O’Connor proposed a new legal framework to replace Roe. Adopting a phrase contained in a brief filed in the case by President Reagan’s Justice Department, she wrote that abortion regulations should be upheld unless they created an “undue burden” on a woman seeking to have the procedure. O’Connor didn’t define exactly what she meant by an “undue burden,” but she argued that, according to such a standard, the Akron restrictions should be upheld. In fact, when it came to medical science, Blackmun turned out to be more prescient than O’Connor. She was wrong to conclude that the point of viability would shift in any meaningful way. In Roe, Blackmun had written, “Viability is usually placed at about seven months (28 weeks) but may occur earlier, even at 24 weeks.” Early in the twenty-first century, more than three decades after Roe, it is still rare for a fetus younger than twenty-three or twenty-four weeks to survive. (The term of a normal pregnancy is thirty-eight to forty weeks.)

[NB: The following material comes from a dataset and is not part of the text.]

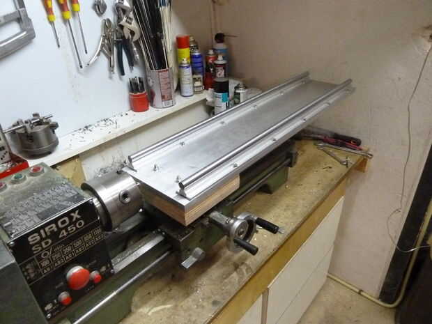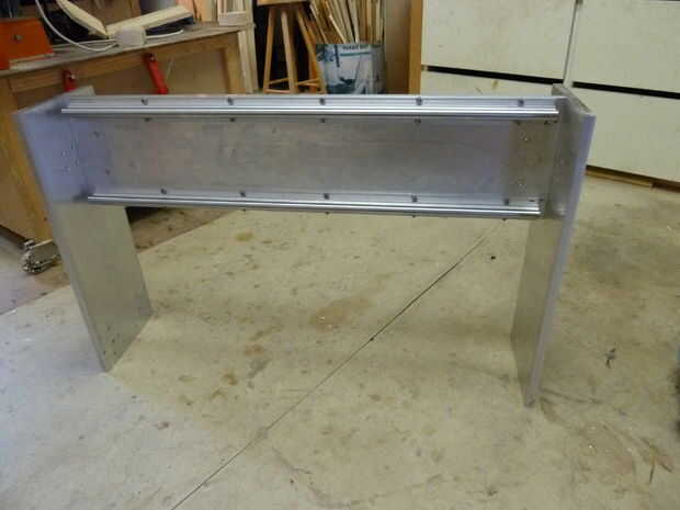 La placa en la parte inferior del pórtico es muy simple. Perforé 6 orificios para fijar a las placas laterales. En el medio tuve que taladrar dos orificios para el soporte de la tuerca de montaje.

As usual when it came to controversial issues, O’Connor’s preference was for the matter to be settled in the political arena rather than in the courts. As a former state legislator herself, she always had a predisposition to favor the judgments of these officials. Quoting an opinion by Justice Oliver Wendell Holmes Jr. from 1904, O’Connor wrote, “In determining whether the State imposes an ‘undue burden,’ we must keep in mind that, when we are concerned with extremely sensitive issues, such as the one involved here, ‘the appropriate forum for their resolution in a democracy is the legislature.’ ”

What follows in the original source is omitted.